One of the major changes in the 2014 Joint Statement was their criticising the terrorism in "Jammu and Kashmir, India, and Chechnya, Russia". This is just the kind of fundamental understanding that both countries need to build on. No other permanent member of the UN Security Council would agree to such a formulation.
Hopefully the coming Summit will find ways to reaffirm this mutual commitment.
From here to the regional, the main issue is the fate of Afghanistan and Central Asia. While there is not conflict of interest between India and Russia, the reality is that there is no real understanding, much less common action, between the two.
For now, the US and China seem to be making the diplomatic running - and their aim is to bring about some accommodation between the government in Kabul and the Taliban. Fortunately, the latter are disintegrating.
But it would be important for India and Russia to talk seriously, rather than in bland generality, as hitherto, to see what comes next. Both countries could, for a start, step up military supplies to the government in Kabul. Some supplies have begun, but more needs to be done. The rise of Islamic State in Afghanistan should add spur to these joint efforts.
At the global level, there are some interesting new ideas worth exploring. Putin has proposed convening a special forum under the UN for a comprehensive consideration of issues related to the depletion of natural resources, destruction of habitat and climate change.

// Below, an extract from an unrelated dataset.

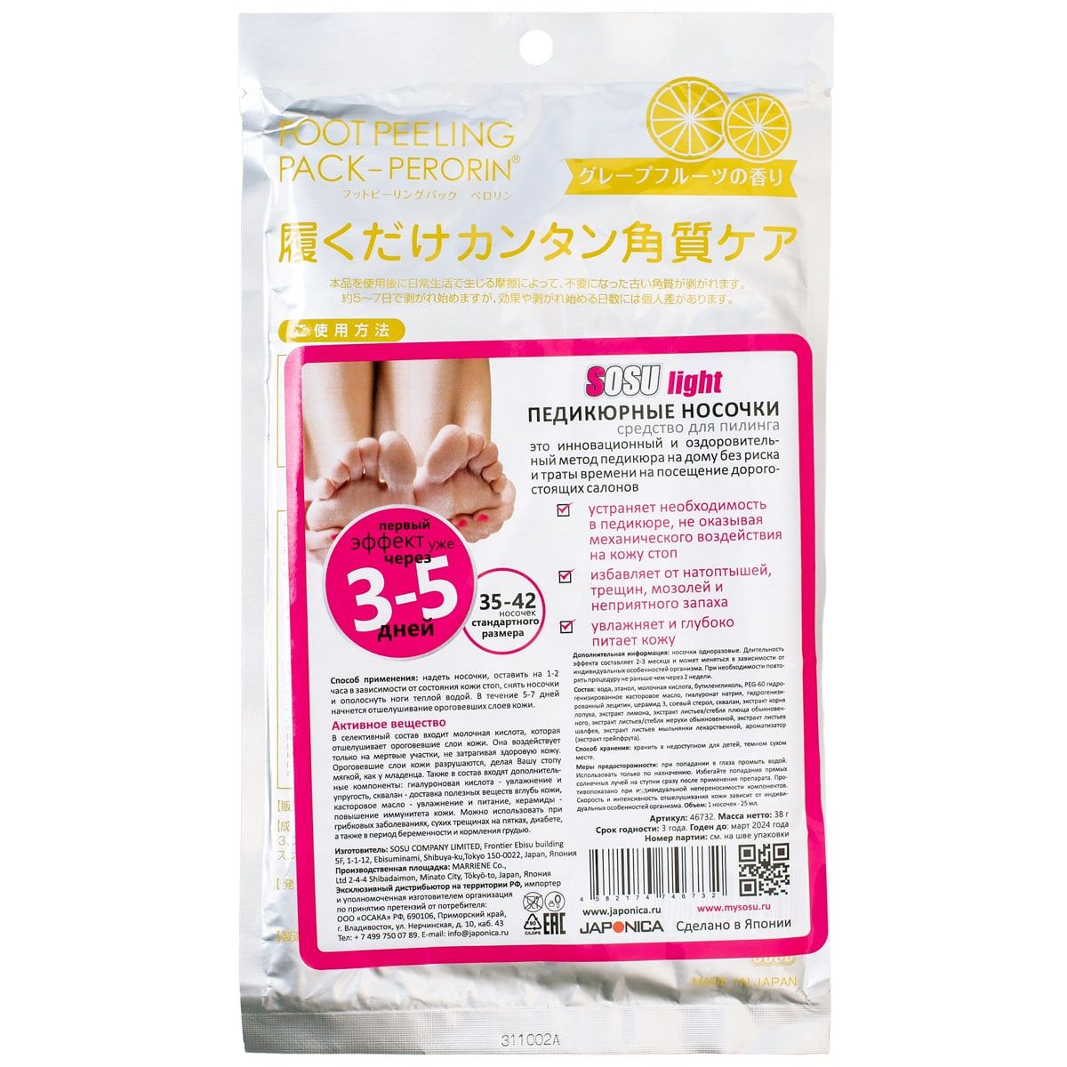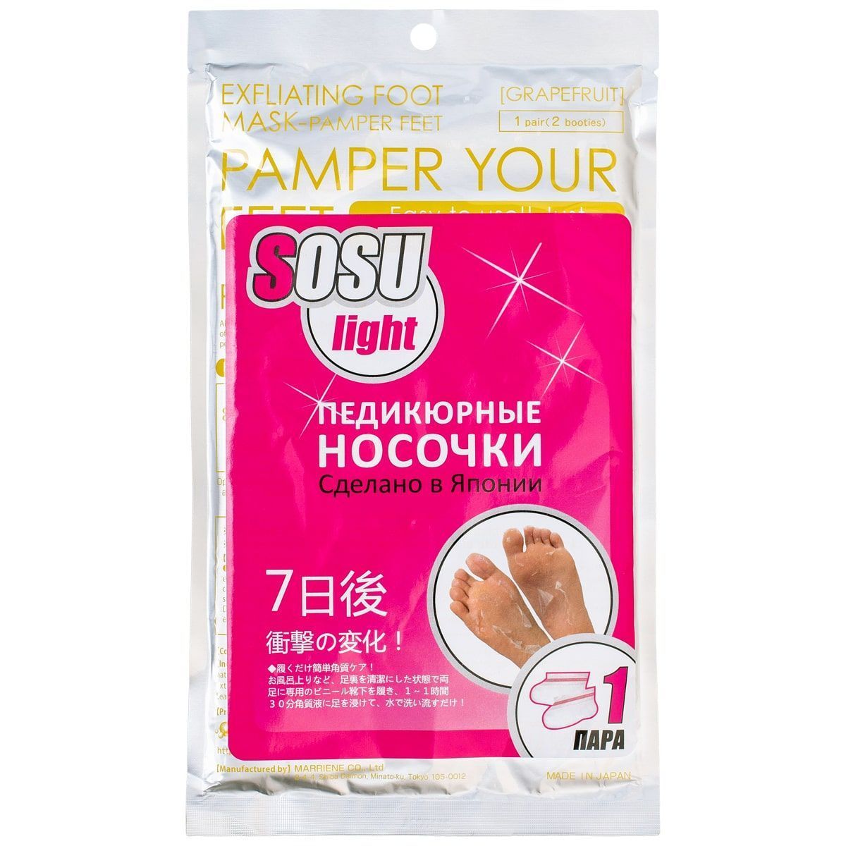 Носочки «SOSU» - это инновационный способ педикюра на дому без риска и траты времени на посещение дорогостоящих процедур. «SOSU» – новое слово в косметологии, разработанное японскими специалистами, которое уже по достоинству оценили женщины страны «Восходящего Солнца», вверив самой природе заботу о своих ножках. Основной компонент активного вещества - молочная кислота и растительные экстракты лопуха, лимона, плюща, жерухи, шалфея, мыльнянки и др., стимулирующие естественный процесс отторжения мертвых тканей. Оказывают терапевтическое и эстетическое действие, быстро и безопасно решают косметологические проблемы стоп. Первый эффект заметен через 3-5 дней. Спустя две недели после применения кожа становится гладкой и упругой, сохраняя эффект в течение долгого времени. Противогрибковый эффект. Устранение трещин, потертостей и мозолей. Противоотечное и противовоспалительное действие. Улучшение эстетических качеств кожи ступни.

These are issues that matter a great deal to India because the Conference of Parties meetings so far have concentrated on energy generation and carbon sinks mainly. But these matters are also very important for India, particularly the underlying cause of all this - too rapid population growth.
It would also be good to leverage the India-Russia-China dialogue to deal with some of the civilisational issues where the three have similar concerns vis-a-vis the West, such as the biased application of human rights, national sovereignty and civil society issues.